### SOURCE DATA
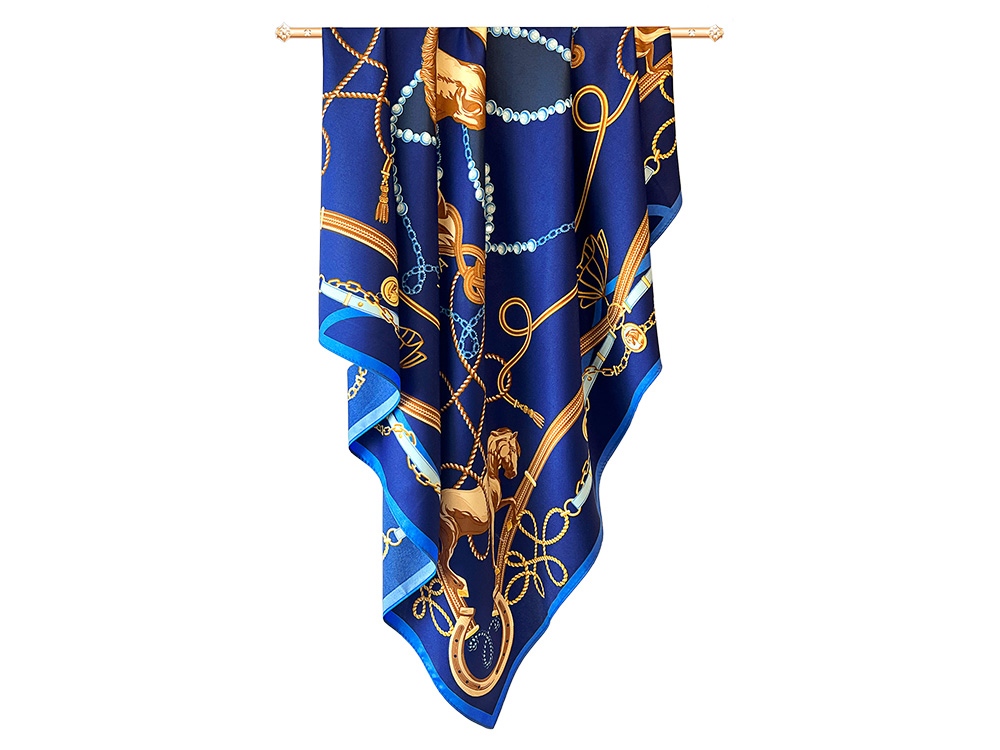 Платок Конный клуб вдохновлен духом русского аристократизма, тесно связанного с традициями верховой езды. Образ лошади, занимающий особое место в изобразительном наследии России, — от древнерусской миниатюры до современных шедевров живописи — ассоциируется с благородством, честью и внутренней силой. Платок воплощает эти возвышенные качества, отраженные в природной эстетике конного экстерьера. В центре композиции размещены стилизованные портреты лошади элегантной рыжей масти. Ощущение воздушной среды и размах открытых просторов переданы сочетанием светло-бежевых, золотых, голубых оттенков фона. Рисунок изящной амуниции образует ажурный декор с акцентными элементами, заключая изображение в эффектную рамку. Платок Конный клуб создан брендом Русские в моде совместно с маркой VUA-LYA, производителем одежды и аксессуаров. Платок станет изысканным атрибутом стиля или незабываемым прекрасным подарком! Над дизайном платка работали: Нина Ручкина, Ольга Данилова.
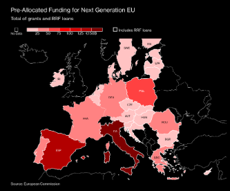 在7500亿欧元一揽子计划中,5000亿欧元将以无需偿还的救助款形式分配给欧盟成员国,2500亿欧元用于放贷。为了给该计划提供资金,欧盟将在金融市场上借款至多7500亿欧元。
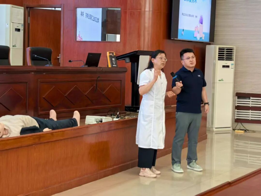 随后进行的实操训练环节中,参训人员在苗科长及医护人员的指导下,分组进行了心肺复苏和AED使用的模拟训练。大家认真练习胸外按压操作要领,确保动作标准、流程规范。现场学习氛围浓厚,互动积极,取得了良好的实训效果。
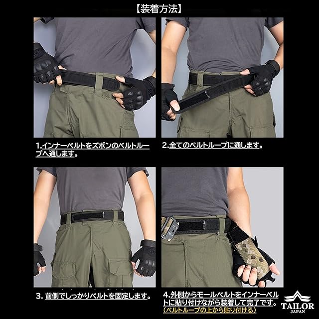 商品名:[TAILOR JAPAN] デューティーベルト ガンファイターベルト サバゲーベルト タクティカルベルト インナーベルト付き ガンベルト モールベルト コブラバックル 実物素材 (レンジャーグリーン, M)
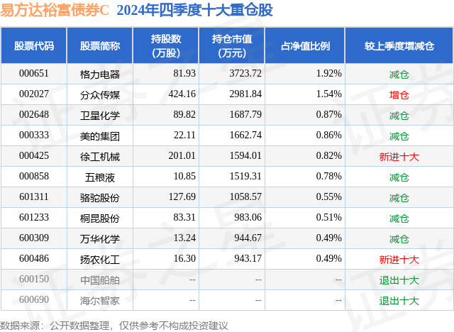 证券之星消息,日前易方达裕富债券C基金公布四季报,2024年四季度最新规模0.89亿元,季度净值涨幅为1.95%。
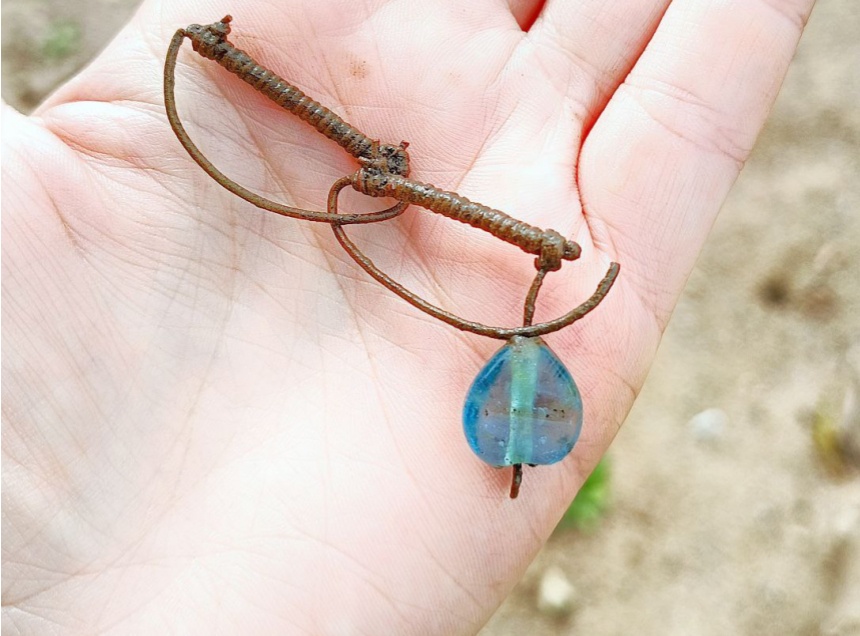 Подобные сережки уже находили весной в некрополе у церкви Сорока Мучеников Севастийских в Печорах. Там такие украшения были частой находкой.
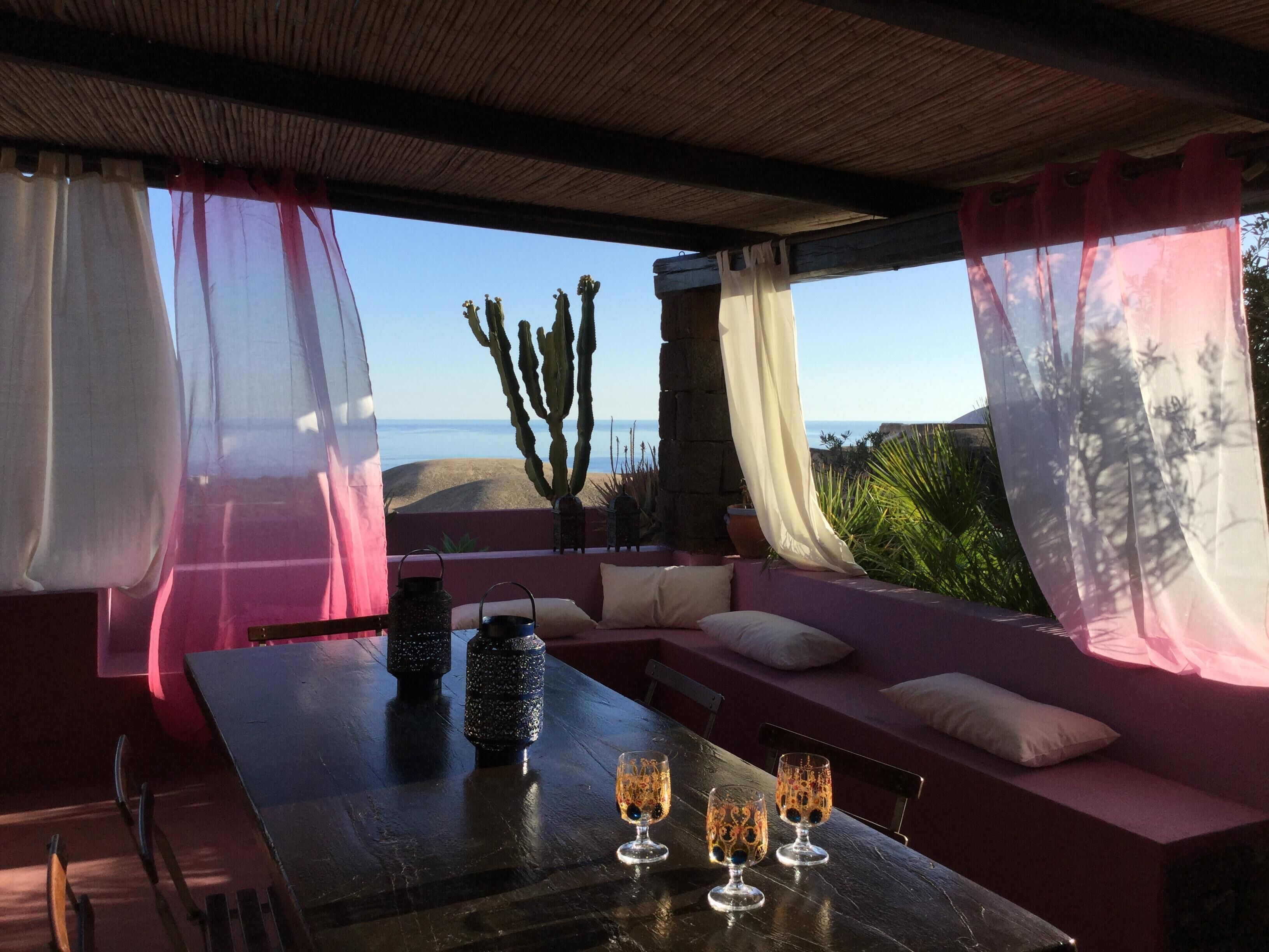 Dammuso of ancient workmanship, renovated and furnished with sobriety on the sea. Consisting of living / bedroom, bathroom with shower, bidet, hair dryer, kitchenette. Shaded terrace that overlooks the blue of the sea, with deck chairs, table for breakfasts, lunches and dinners contemplative relaxing by the sea. Another other large terrace with a comfortable outdoor shower. Barbecue. Conditioned air. The property is rented full of textiles, with mid-week change of bath towels.

### DIRECTIONS
Pictures do not belong in the copy; repeat the rest of the listing exactly.

### EXERCISE ANSWER
 Платок Конный клуб вдохновлен духом русского аристократизма, тесно связанного с традициями верховой езды. Образ лошади, занимающий особое место в изобразительном наследии России, — от древнерусской миниатюры до современных шедевров живописи — ассоциируется с благородством, честью и внутренней силой. Платок воплощает эти возвышенные качества, отраженные в природной эстетике конного экстерьера. В центре композиции размещены стилизованные портреты лошади элегантной рыжей масти. Ощущение воздушной среды и размах открытых просторов переданы сочетанием светло-бежевых, золотых, голубых оттенков фона. Рисунок изящной амуниции образует ажурный декор с акцентными элементами, заключая изображение в эффектную рамку. Платок Конный клуб создан брендом Русские в моде совместно с маркой VUA-LYA, производителем одежды и аксессуаров. Платок станет изысканным атрибутом стиля или незабываемым прекрасным подарком! Над дизайном платка работали: Нина Ручкина, Ольга Данилова.
 在7500亿欧元一揽子计划中,5000亿欧元将以无需偿还的救助款形式分配给欧盟成员国,2500亿欧元用于放贷。为了给该计划提供资金,欧盟将在金融市场上借款至多7500亿欧元。
 随后进行的实操训练环节中,参训人员在苗科长及医护人员的指导下,分组进行了心肺复苏和AED使用的模拟训练。大家认真练习胸外按压操作要领,确保动作标准、流程规范。现场学习氛围浓厚,互动积极,取得了良好的实训效果。
 商品名:[TAILOR JAPAN] デューティーベルト ガンファイターベルト サバゲーベルト タクティカルベルト インナーベルト付き ガンベルト モールベルト コブラバックル 実物素材 (レンジャーグリーン, M)
 证券之星消息,日前易方达裕富债券C基金公布四季报,2024年四季度最新规模0.89亿元,季度净值涨幅为1.95%。
 Подобные сережки уже находили весной в некрополе у церкви Сорока Мучеников Севастийских в Печорах. Там такие украшения были частой находкой.
 Dammuso of ancient workmanship, renovated and furnished with sobriety on the sea. Consisting of living / bedroom, bathroom with shower, bidet, hair dryer, kitchenette. Shaded terrace that overlooks the blue of the sea, with deck chairs, table for breakfasts, lunches and dinners contemplative relaxing by the sea. Another other large terrace with a comfortable outdoor shower. Barbecue. Conditioned air. The property is rented full of textiles, with mid-week change of bath towels.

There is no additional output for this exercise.